I tried SIGNATE "[Practice question] Predicting the number of rental bicycle users"

Introduction

This time, we worked on SIGNATE's "[Practice question] Prediction of rental bicycle users". Regarding machine learning, I haven't been able to do much yet, but I hope to grow little by little through competitions.

Contents of the competition

I worked on the following exercises.

** [Practice question] Forecasting the number of rental bicycle users **

Create this model that predicts the number of rental bicycle users per hour each day from seasonal information and weather information for 2 years

Actual code

1. Read data

#Library import
import numpy as np
import pandas as pd
import matplotlib.pyplot as plt
%matplotlib inline
#Read / display files
train = pd.read_csv('train.tsv',sep='\t')
test  = pd.read_csv('test.tsv',sep='\t')
train.head()

data1.png

2. Understanding the data content

#Try plotting usage
plt.figure(figsize=(12,5))
plt.plot(train['id'],train['cnt'])

graph1.png

#Plot the usage status for a certain week as a trial
# 1.Store in variable by date
_day0703 = train.query('dteday == "2011-07-03"')#Day
_day0704 = train.query('dteday == "2011-07-04"')#Month
_day0705 = train.query('dteday == "2011-07-05"')#fire
_day0706 = train.query('dteday == "2011-07-06"')#water
_day0707 = train.query('dteday == "2011-07-07"')#wood
_day0708 = train.query('dteday == "2011-07-08"')#Money
_day0709 = train.query('dteday == "2011-07-09"')#soil
# 2.Graph display of each date
plt.figure(figsize=(12,5))
plt.plot(_day0703['hr'],_day0703['cnt'],label='Sun')
plt.plot(_day0704['hr'],_day0704['cnt'],label='Mon')
plt.plot(_day0705['hr'],_day0705['cnt'],label='Tue')
plt.plot(_day0706['hr'],_day0706['cnt'],label='Wed')
plt.plot(_day0707['hr'],_day0707['cnt'],label='Thu')
plt.plot(_day0708['hr'],_day0708['cnt'],label='Fri')
plt.plot(_day0709['hr'],_day0709['cnt'],label='Sat')
plt.legend()
plt.grid()

graph2.png

・ It seems that the usage status differs between holidays and weekdays. ・ On weekdays, it is often used from 6 am to 10 am and from 16 pm to 9 pm, so it seems to be used for commuting to work or school.

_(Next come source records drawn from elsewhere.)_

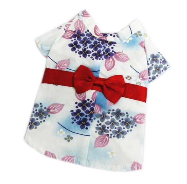 浴衣 ペット用 犬 猫 白ブルーぼかし地紫陽花薄紫葉 SS 綿 抗菌防臭加工 ワンちゃん ゆかた 単品 犬服 ドッグ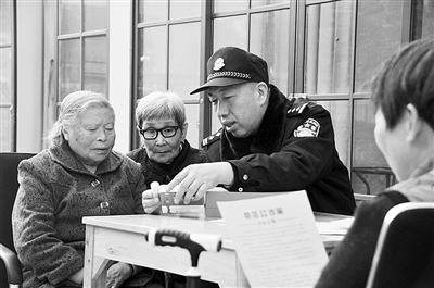 针对临近年关,保健品诈骗高发的特点,近日,临海市大洋派出所民警走入社区,向老人宣传保健品知识,防止受骗上当。图为民警向老人传授非处方药与保健品的识别方法。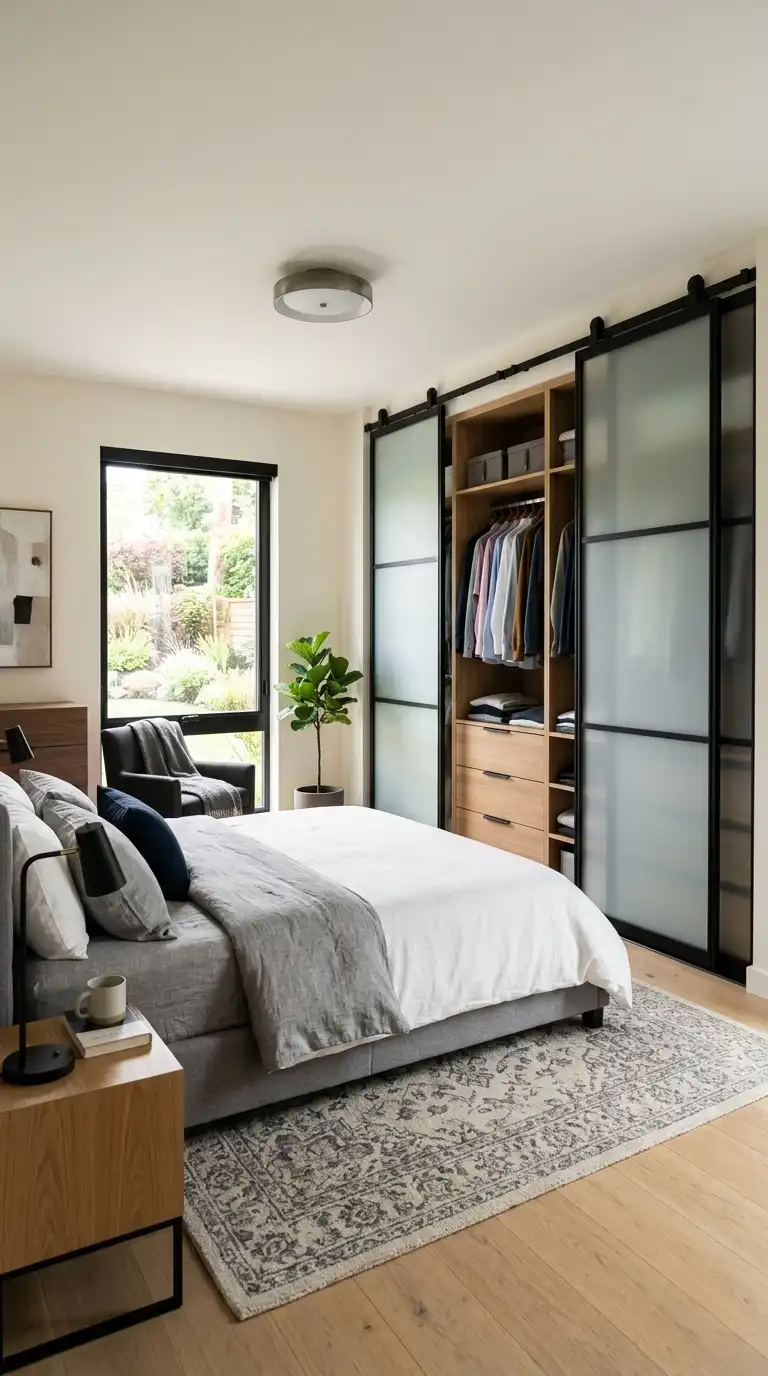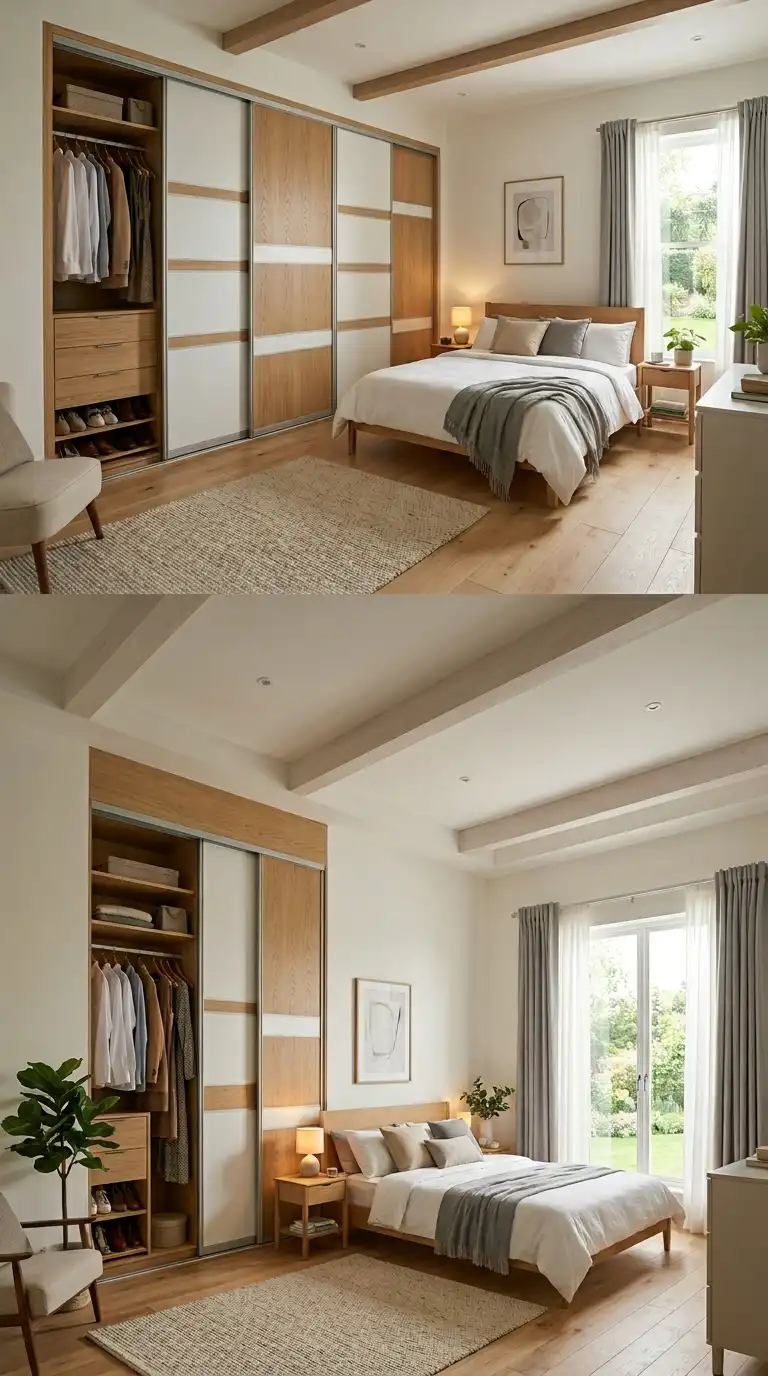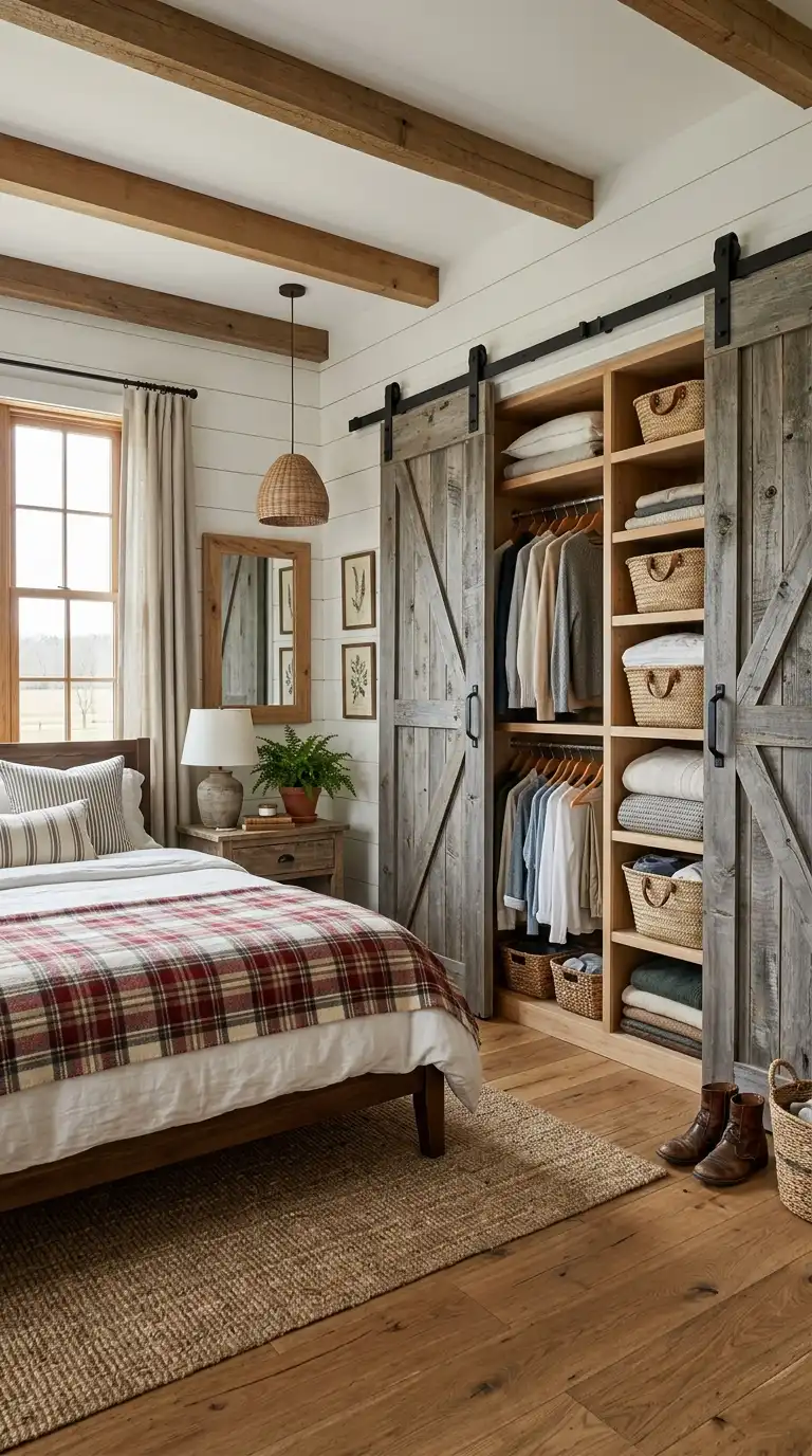 Sliding barn doors add rustic charm and farmhouse appeal to a bedroom wardrobe. The doors slide on an exposed metal track, making a design statement while saving space. Choose reclaimed wood, distressed finishes, or painted panels to suit your style. Pair with black iron hardware and natural textures like jute or linen for a cozy, inviting aesthetic.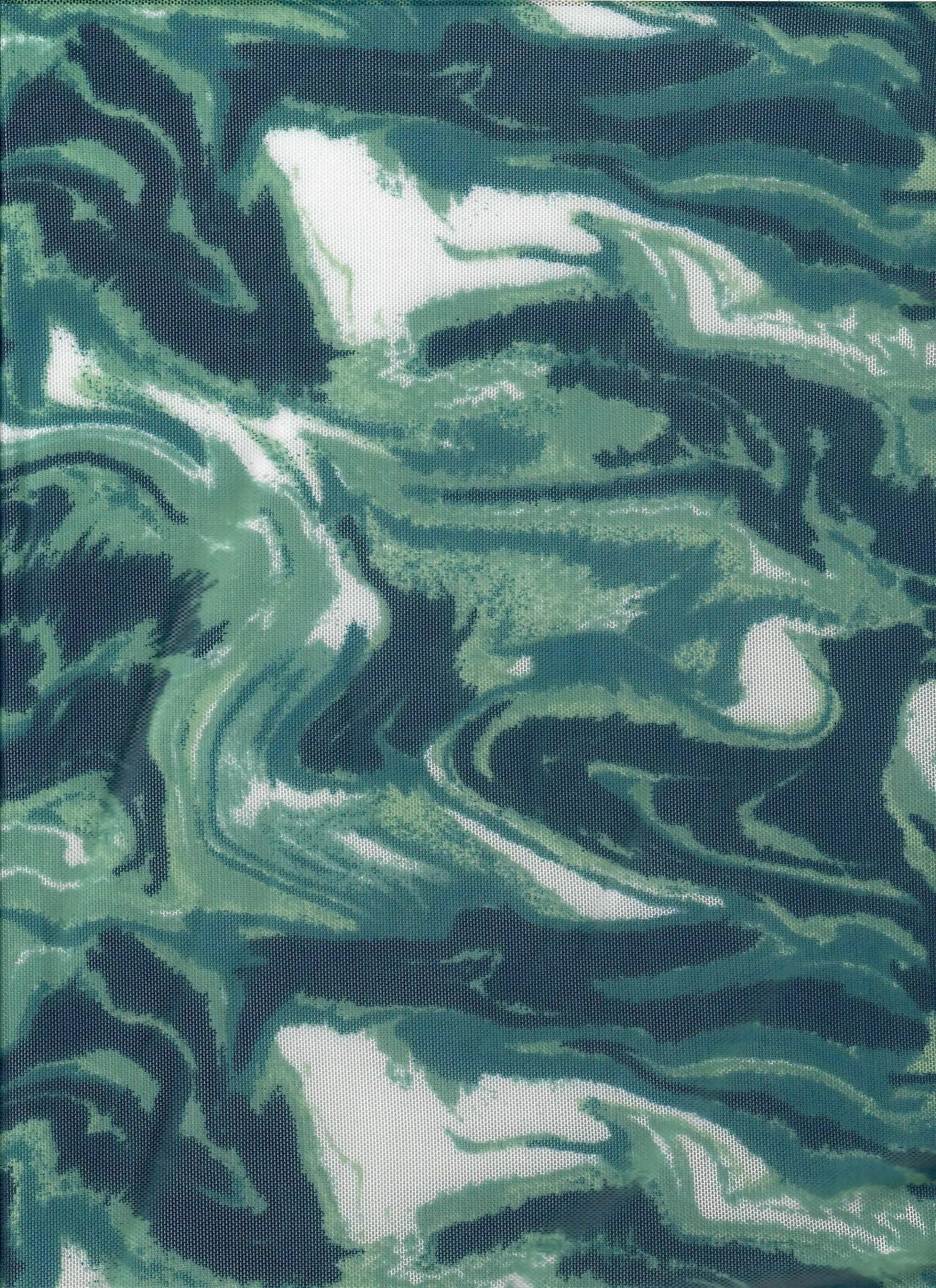 This lightweight mesh knit fabric features a unique blend of marble and abstract digital prints on a breathable, flexible surface. Made from a 90% polyester and 10% spandex blend, it offers excellent 4-way stretch and a fluid drape perfect for layering, activewear, performance costumes, and bold fashion pieces.

Since the usage status changes depending on holidays and time of day, I chose XGBoost because I thought linear regression was not suitable.

3. Learning with XGBoost

#XGBoost library import
import xgboost as xgb
from sklearn.model_selection import GridSearchCV
from sklearn.metrics import mean_squared_error
#Creating an xgboost model
reg = xgb.XGBRegressor()
#Before id2500, the tendency is different, so cut(Operation start etc.?)
train = train[train['id'] > 2500]
#Store explanatory variables and objective variables
X_train = train.drop(['id','dteday','cnt'], axis=1)
y_train = train['cnt']
X_test = test.drop(['id','dteday'], axis=1)
#Hyperparameter search
reg_cv = GridSearchCV(reg, {'max_depth': [2,4,6], 'n_estimators': [50,100,200]}, verbose=1)
reg_cv.fit(X_train, y_train)
print(reg_cv.best_params_, reg_cv.best_score_)
#Learn again with optimal parameters
reg = xgb.XGBRegressor(**reg_cv.best_params_)
reg.fit(X_train, y_train)

4. Check the model

#Prediction using training data
pred_train = reg.predict(X_train)
#Check if the predicted value is valid
train_value = y_train.values
_df = pd.DataFrame({'actual':train_value,'pred':pred_train})
_df.plot(figsize=(12,5))

graph3.png

In general, it seems that you can predict correctly.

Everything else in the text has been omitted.